• **RECORDS SUPPLIED**

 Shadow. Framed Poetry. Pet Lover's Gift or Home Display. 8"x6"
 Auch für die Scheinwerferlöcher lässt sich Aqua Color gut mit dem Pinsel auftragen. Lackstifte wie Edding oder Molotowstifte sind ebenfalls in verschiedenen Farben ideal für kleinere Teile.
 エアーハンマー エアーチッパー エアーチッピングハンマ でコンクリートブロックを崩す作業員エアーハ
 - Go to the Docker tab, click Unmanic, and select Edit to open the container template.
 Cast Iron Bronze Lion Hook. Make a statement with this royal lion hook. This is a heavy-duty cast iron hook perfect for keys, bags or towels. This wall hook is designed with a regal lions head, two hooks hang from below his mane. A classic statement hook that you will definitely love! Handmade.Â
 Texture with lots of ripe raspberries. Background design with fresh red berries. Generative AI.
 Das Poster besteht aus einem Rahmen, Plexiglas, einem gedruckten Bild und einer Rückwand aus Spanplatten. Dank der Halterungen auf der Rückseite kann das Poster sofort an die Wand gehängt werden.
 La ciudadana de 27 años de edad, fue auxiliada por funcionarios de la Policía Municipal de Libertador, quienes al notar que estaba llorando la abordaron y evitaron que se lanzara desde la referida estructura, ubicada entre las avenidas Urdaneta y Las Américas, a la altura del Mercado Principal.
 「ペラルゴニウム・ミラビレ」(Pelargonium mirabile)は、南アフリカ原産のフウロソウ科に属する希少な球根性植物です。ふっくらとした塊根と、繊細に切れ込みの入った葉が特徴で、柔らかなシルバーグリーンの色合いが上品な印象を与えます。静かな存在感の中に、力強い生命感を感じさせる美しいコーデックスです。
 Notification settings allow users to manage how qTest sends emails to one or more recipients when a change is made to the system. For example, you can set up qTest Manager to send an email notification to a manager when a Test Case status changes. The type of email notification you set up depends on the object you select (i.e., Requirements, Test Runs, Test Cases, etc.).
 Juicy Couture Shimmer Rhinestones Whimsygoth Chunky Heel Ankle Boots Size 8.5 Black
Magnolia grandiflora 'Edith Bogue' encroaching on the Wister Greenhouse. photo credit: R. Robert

• **EXERCISE DESCRIPTION**
Your task is to return each line of the data above that contains the string "with".

• **ANSWER**
 Cast Iron Bronze Lion Hook. Make a statement with this royal lion hook. This is a heavy-duty cast iron hook perfect for keys, bags or towels. This wall hook is designed with a regal lions head, two hooks hang from below his mane. A classic statement hook that you will definitely love! Handmade.Â
 Texture with lots of ripe raspberries. Background design with fresh red berries. Generative AI.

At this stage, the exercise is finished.